Our model supports the following recognition instrutions:
- Natural Language Description: 
    - Describe what you see in the figure.
    - Tell me what you observe in the image.
- Predicting ConsCDL only
    - Based on the image, predict the construction_cdl.
    - Based on the image, predict the construction_cdl and calibrate it.
    - Based on the image, first describe what you see in the figure, then predict the construction_cdl.
    - Based on the image, first describe what you see in the figure, then predict the construction_cdl and calibrate it.
- Predicting ImgCDL only:
    - Based on the image, predict the image_cdl.
    - Based on the image, predict the image_cdl and calibrate it.

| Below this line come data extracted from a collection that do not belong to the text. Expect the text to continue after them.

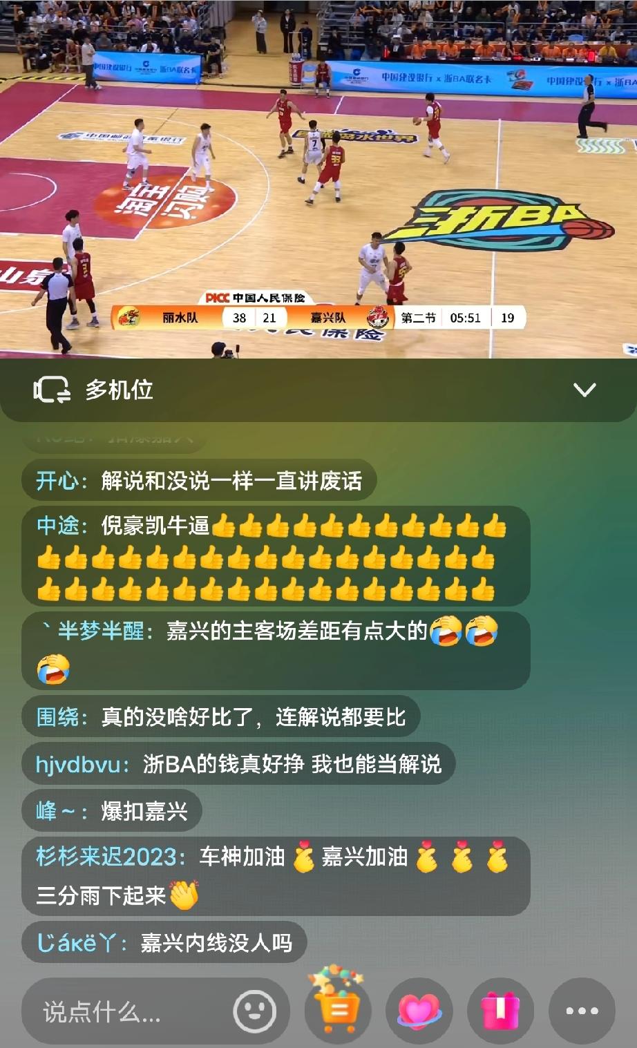 嘉兴队第二节上来直接让丽水队的一波得分给干懵了。分差已经差不多到20分了,嘉兴队要想翻盘好像已经不太可能了! 一个多月之前,嘉兴在自己的主场赢下本组强队苍南后,直接让嘉兴球迷的信心爆棚,那个时候,凡是浙ba的比赛,评论区少不了嘉兴球迷趾高气扬、目中无人,嘉兴和苍南球迷在评论区互怼更是家常便饭。可随后嘉兴连续吃了几场败仗,现在嘉兴球迷的心气也没有了。今天两节比赛时间还没到,嘉兴队输球却已经定局,嘉兴球迷一点声音都没有了! [我想静静][我想静静][我想静静] 说个题外话,丽水主教练咋回事,比分领先这么多,干嘛还跟场上裁判发生争执啊?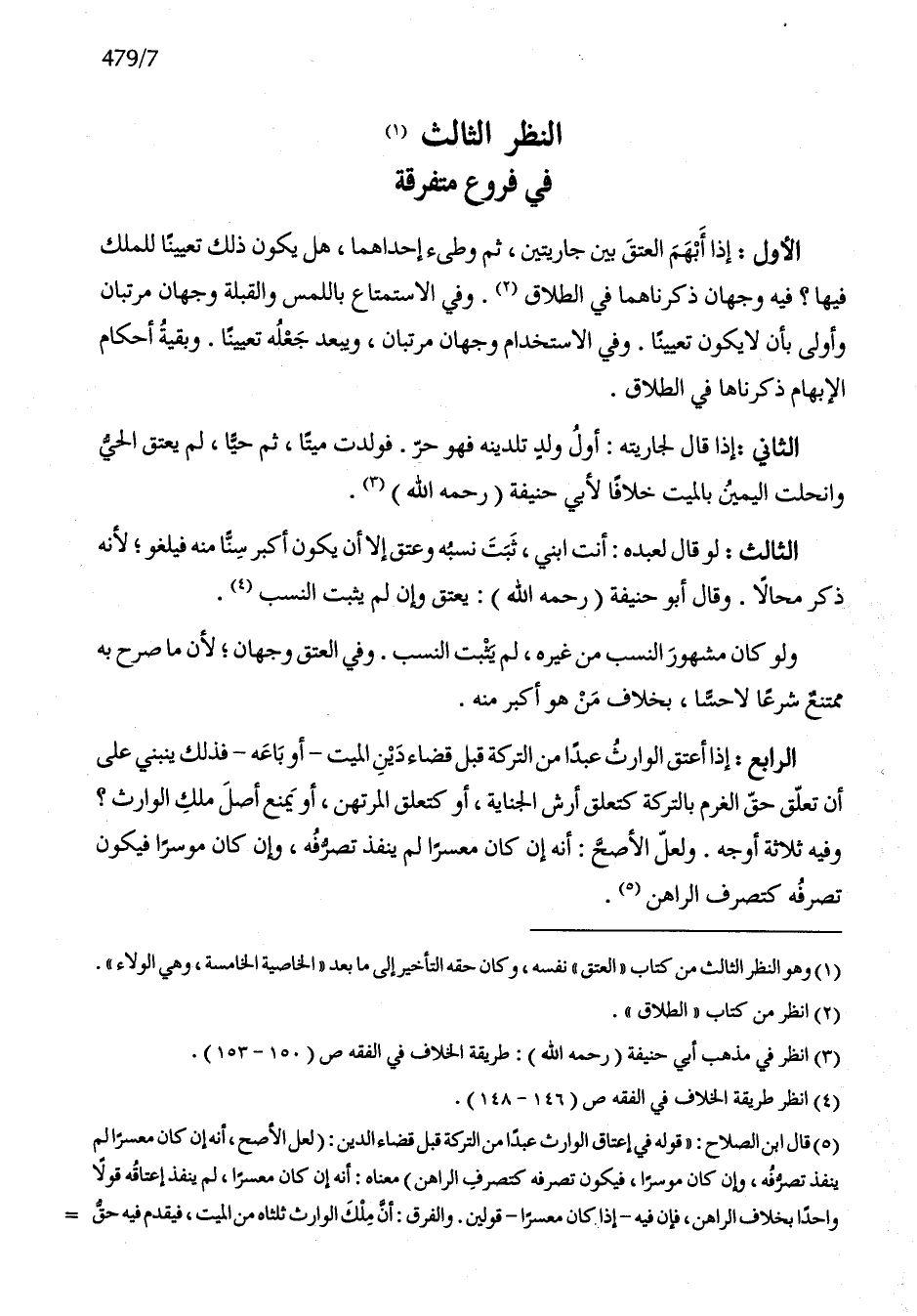 النّظر الثَّالِث فِي فروع مُتَفَرِّقَة
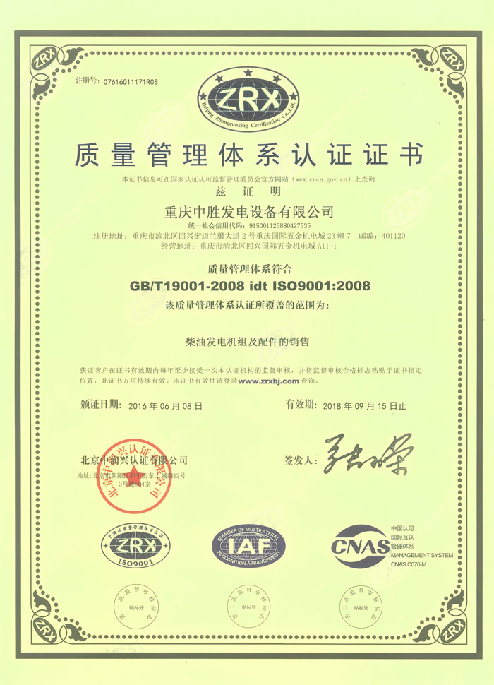 質(zhì)量管理體系認(rèn)證證書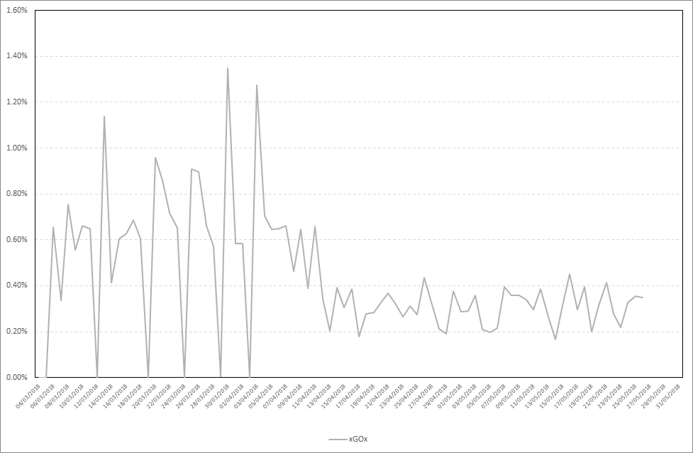 As you can see, XGOX also starts staking almost immediately after your stake is included in the wallet during daily wallet maintenance. Maximum daily stake profit in the period from 20.05.2018-26.05.2018 was 0,41%, while the average daily stake profit was 0,32%. Detailed results are presented on the chart below.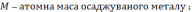 Теоретична маса нарощуваного металу. Залежність кількості речовини, що відновлюються на катоді і окислюється на аноді від природи речовин й обумов електролізу була досліджена М. Фарадеєм, який встановив, що для виділення або розчинення під час електролізу 1 г-екв. Речовини витрачаються близько 96490 К електрики / константа Фарадея /. Звідси рівняння маси нарощеного металу

    - Based on the image, first describe what you see in the figure, then predict the image_cdl.
    - Based on the image, first describe what you see in the figure, then predict the image_cdl and calibrate it.

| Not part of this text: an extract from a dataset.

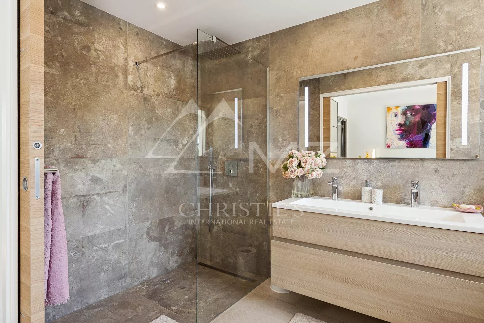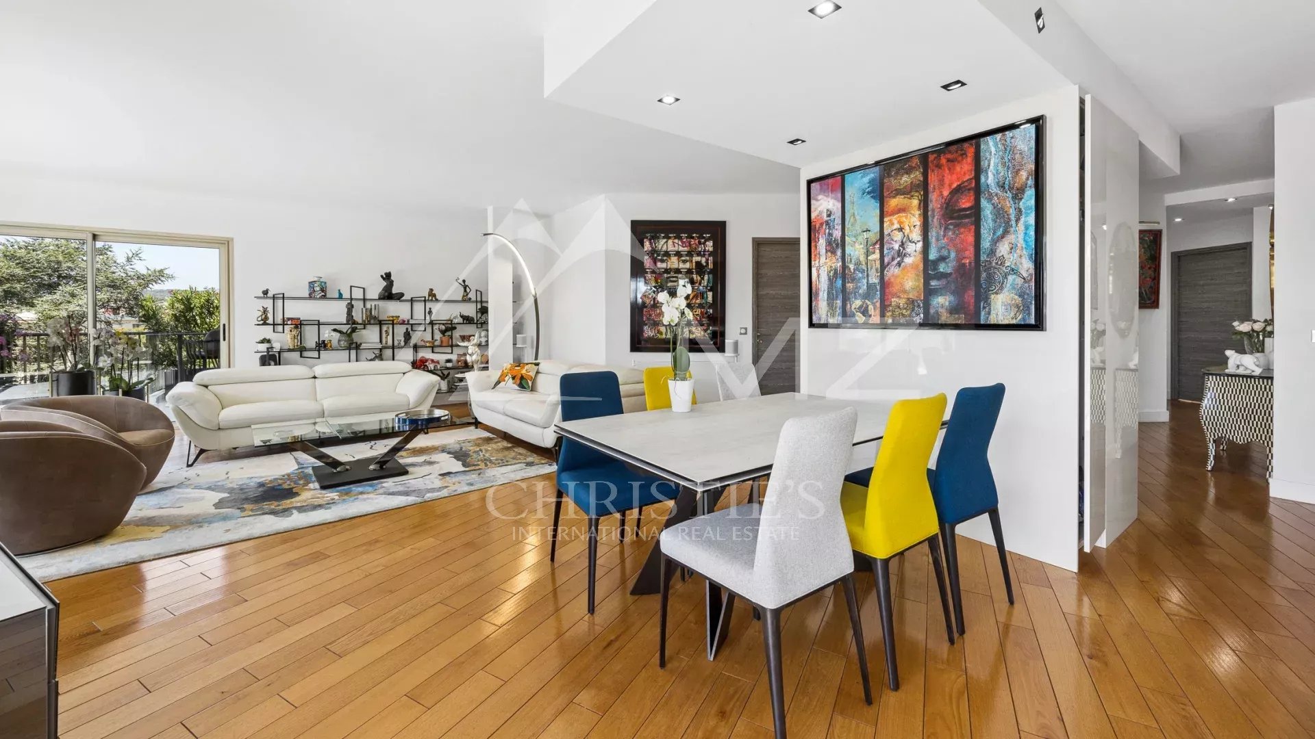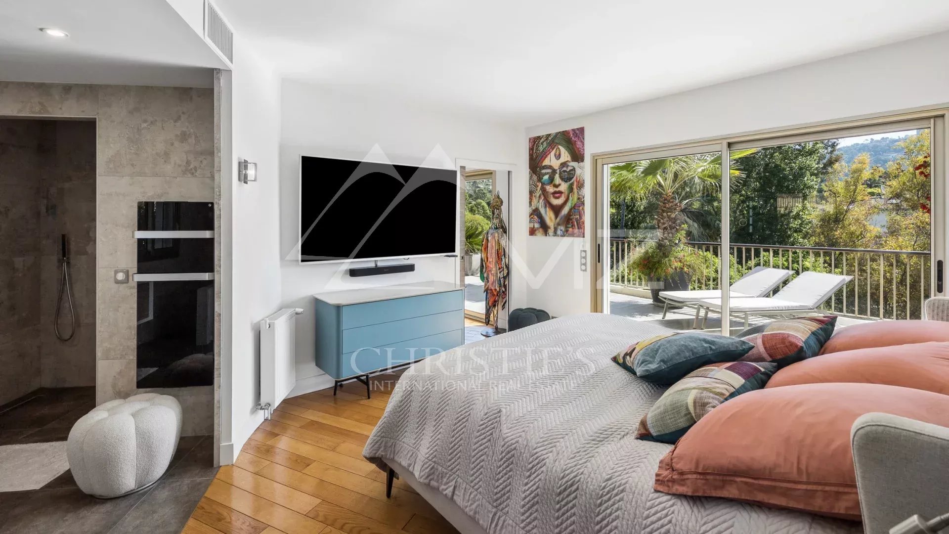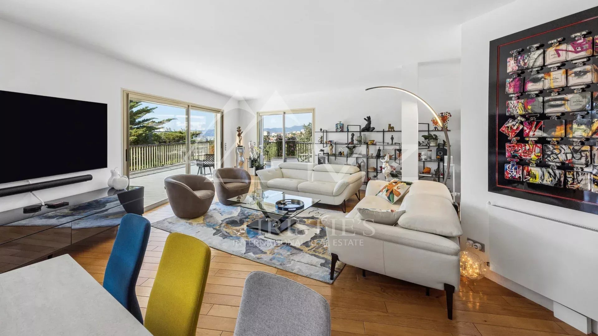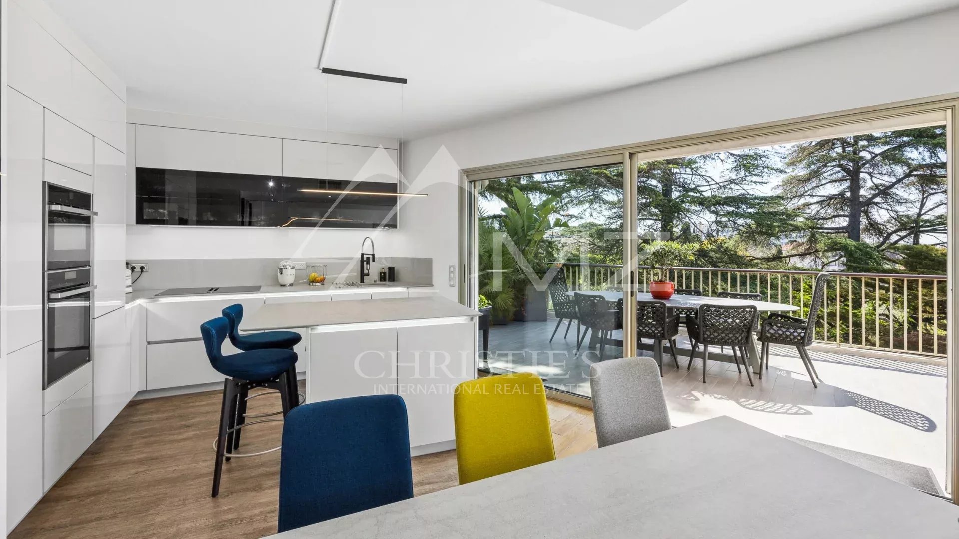 Coup de cœur pour ce penthouse niché dans la verdure dans un quartier résidentiel. Avec sa terrasse arborée de 280 m², cet espace extérieur, agrémenté d’un spa, se transforme en un jardin luxuriant, offrant différentes ambiances pour se détendre ou recevoir et profiter de la vue sur les collines et du bel aperçu mer.

- Predicting construction_cdl and image_cdl simultaneously:
    - Based on the image, predict the construction_cdl and image_cdl.

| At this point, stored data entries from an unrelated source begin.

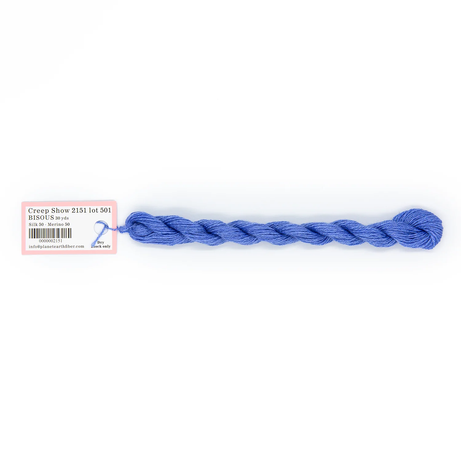This is Bisous from Planet Earth in color 2151 Creep Show. Bisous is a multipurpose silk-wool blend from Tilli Tomas. Use as-is for very light coverage on 18 mesh or for embroidery. Use additional plies to build up coverage on canvas - for full coverage, we recommend 2 plies on 18 mesh and 3 plies on 13 mesh.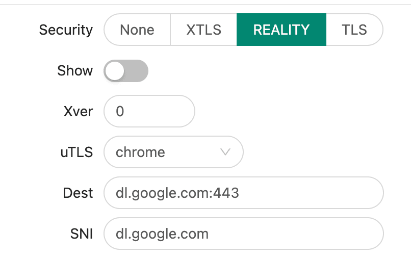 Below, select Security type "Reality". Set uTLS to "chrome". By default, yahoo.com is used as the camouflage (masking) domain, but we recommend specifying other values, for example, dl.google.com:443 in the "Dest" field and dl.google.com in "SNI".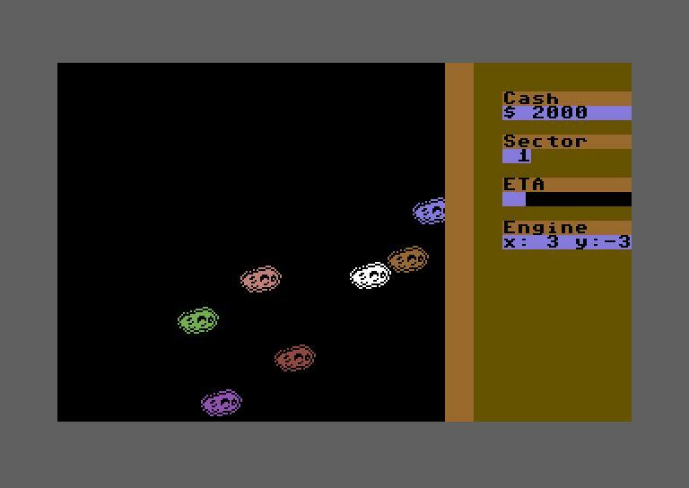 Идея создания двигателя на астероиде принадлежит k240, одной из лучших игр для Amiga, которые я знаю. Я планировал добавить эту идею в Swarm 16k, игру RTS C64, которую я написал в 2019 году для конкурса RGCD 16kb Cartridge.n, но на тот момент оно не умещалось в 16 тысяч.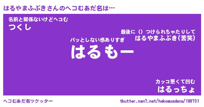 | ヒーロー風カッコイイあだ名 | 『スーパーハルヤマフブキ』 |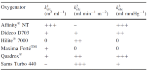 Comparison of the examined HFMOs on the basis of their efficacy factors for a blood flow rate of 5 L/min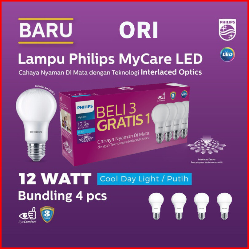 Lampu Philips Lampu Led Philips 4w 6w 8w10w 12watt Multipack Lampu Ledrumah Led Bulb 230v 6500k Putih1pcs 2pcs 4pcs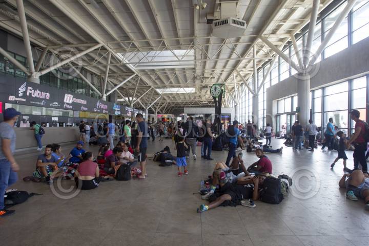 Cientos de migrantes procedentes de Venezuela, Ecuador, Guatemala y Cuba principalmente, se quedan varados en la central de autobuses de Monterrey, después que la policía de Coahuila y el Instituto Nacional de Migración en Saltillo no les permitiera el paso hacia la ciudad fronteriza de Acuña y fueron trasportados a Monterrey donde buscan seguir su destino hacia Estado Unidos.

    - Based on the image, first predict the construction_cdl and image_cdl and calibrate it.
    - Based on the image, first describe what you see in the figure, then predict the construction_cdl and image_cdl.
    - Based on the image, first describe what you see in the figure, then predict the construction_cdl and image_cdl and calibrate it.


## Performance of Diagram Formalizer on formalgeo7k test set
| Model   |   ConsCdlAcc   |   ConsCdlPerfect    |   ImgCdlAcc   |   ImgCdlPerfect   |    BothPerfect   |
|-----|----------------|---------------------|---------------|-------------------|------------------|
|  Diagram Formalizer  |    90.25         |      72.29           |     92.88        |  84.38 | 65.05  |